#### [THE DATA]

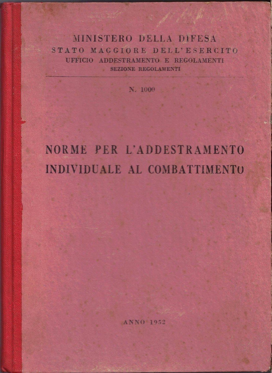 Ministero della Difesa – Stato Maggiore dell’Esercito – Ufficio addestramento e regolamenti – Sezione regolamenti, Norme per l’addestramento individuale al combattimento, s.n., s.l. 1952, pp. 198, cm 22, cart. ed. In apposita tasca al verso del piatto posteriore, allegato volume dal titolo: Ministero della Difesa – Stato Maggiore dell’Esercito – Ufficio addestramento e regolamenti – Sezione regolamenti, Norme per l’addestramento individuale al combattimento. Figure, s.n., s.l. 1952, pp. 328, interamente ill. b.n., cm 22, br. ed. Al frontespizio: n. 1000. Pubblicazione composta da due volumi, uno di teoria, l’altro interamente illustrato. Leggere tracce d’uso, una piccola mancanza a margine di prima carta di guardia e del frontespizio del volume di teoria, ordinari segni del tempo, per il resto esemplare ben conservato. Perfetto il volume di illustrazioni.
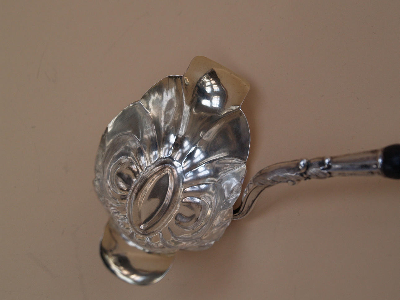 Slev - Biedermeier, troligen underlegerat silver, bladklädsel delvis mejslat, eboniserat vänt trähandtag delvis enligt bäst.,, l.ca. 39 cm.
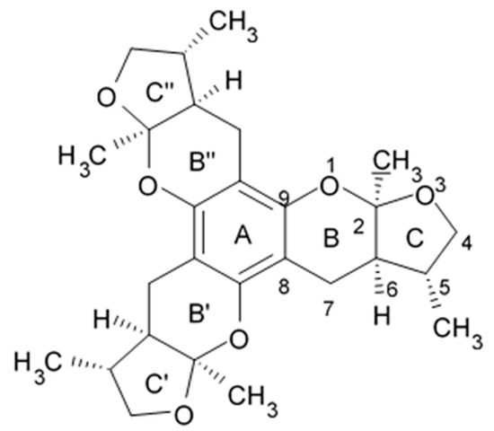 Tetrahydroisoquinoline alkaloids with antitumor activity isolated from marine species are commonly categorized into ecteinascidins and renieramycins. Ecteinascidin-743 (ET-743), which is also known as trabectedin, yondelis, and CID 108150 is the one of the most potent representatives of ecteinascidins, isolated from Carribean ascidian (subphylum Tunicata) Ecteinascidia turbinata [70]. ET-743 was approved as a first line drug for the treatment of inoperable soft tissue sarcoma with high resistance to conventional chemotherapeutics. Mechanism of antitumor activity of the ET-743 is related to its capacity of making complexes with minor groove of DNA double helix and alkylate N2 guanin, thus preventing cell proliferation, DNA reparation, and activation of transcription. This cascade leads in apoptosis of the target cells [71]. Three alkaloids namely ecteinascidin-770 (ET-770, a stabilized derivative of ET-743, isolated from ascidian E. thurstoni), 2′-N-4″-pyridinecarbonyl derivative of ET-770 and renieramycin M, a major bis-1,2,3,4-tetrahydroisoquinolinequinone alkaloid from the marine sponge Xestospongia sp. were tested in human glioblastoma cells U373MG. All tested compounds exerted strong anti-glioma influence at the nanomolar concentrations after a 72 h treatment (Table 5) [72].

--

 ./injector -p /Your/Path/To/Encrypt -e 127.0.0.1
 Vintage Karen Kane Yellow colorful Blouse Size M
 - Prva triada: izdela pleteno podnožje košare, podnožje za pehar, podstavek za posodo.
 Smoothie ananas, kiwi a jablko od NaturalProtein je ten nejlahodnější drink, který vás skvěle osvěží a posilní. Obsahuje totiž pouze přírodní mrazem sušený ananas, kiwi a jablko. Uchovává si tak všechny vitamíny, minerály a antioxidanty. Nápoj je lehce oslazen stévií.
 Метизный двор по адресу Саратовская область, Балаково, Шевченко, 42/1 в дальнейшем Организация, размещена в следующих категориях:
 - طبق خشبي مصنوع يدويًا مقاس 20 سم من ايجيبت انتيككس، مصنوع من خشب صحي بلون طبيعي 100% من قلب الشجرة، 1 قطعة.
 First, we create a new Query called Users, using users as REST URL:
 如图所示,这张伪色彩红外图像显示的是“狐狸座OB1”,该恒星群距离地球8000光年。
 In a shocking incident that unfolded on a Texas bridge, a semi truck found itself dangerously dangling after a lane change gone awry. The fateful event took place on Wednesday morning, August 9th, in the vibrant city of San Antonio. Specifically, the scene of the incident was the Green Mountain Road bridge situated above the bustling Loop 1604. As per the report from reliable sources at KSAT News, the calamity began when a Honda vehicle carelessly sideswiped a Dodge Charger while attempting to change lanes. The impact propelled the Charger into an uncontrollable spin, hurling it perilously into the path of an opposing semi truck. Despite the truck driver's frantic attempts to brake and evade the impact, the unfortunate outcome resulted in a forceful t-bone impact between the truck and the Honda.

#### [TASK GOAL]
Above are entries with pictures among them. Write out exactly the lines from the one containing "Slev - Biedermeier, troligen" through the one containing "Tetrahydroisoquinoline alkaloids with", ends included, and leave those pictures out.

#### [COMPLETED TASK]
 Slev - Biedermeier, troligen underlegerat silver, bladklädsel delvis mejslat, eboniserat vänt trähandtag delvis enligt bäst.,, l.ca. 39 cm.
 Tetrahydroisoquinoline alkaloids with antitumor activity isolated from marine species are commonly categorized into ecteinascidins and renieramycins. Ecteinascidin-743 (ET-743), which is also known as trabectedin, yondelis, and CID 108150 is the one of the most potent representatives of ecteinascidins, isolated from Carribean ascidian (subphylum Tunicata) Ecteinascidia turbinata [70]. ET-743 was approved as a first line drug for the treatment of inoperable soft tissue sarcoma with high resistance to conventional chemotherapeutics. Mechanism of antitumor activity of the ET-743 is related to its capacity of making complexes with minor groove of DNA double helix and alkylate N2 guanin, thus preventing cell proliferation, DNA reparation, and activation of transcription. This cascade leads in apoptosis of the target cells [71]. Three alkaloids namely ecteinascidin-770 (ET-770, a stabilized derivative of ET-743, isolated from ascidian E. thurstoni), 2′-N-4″-pyridinecarbonyl derivative of ET-770 and renieramycin M, a major bis-1,2,3,4-tetrahydroisoquinolinequinone alkaloid from the marine sponge Xestospongia sp. were tested in human glioblastoma cells U373MG. All tested compounds exerted strong anti-glioma influence at the nanomolar concentrations after a 72 h treatment (Table 5) [72].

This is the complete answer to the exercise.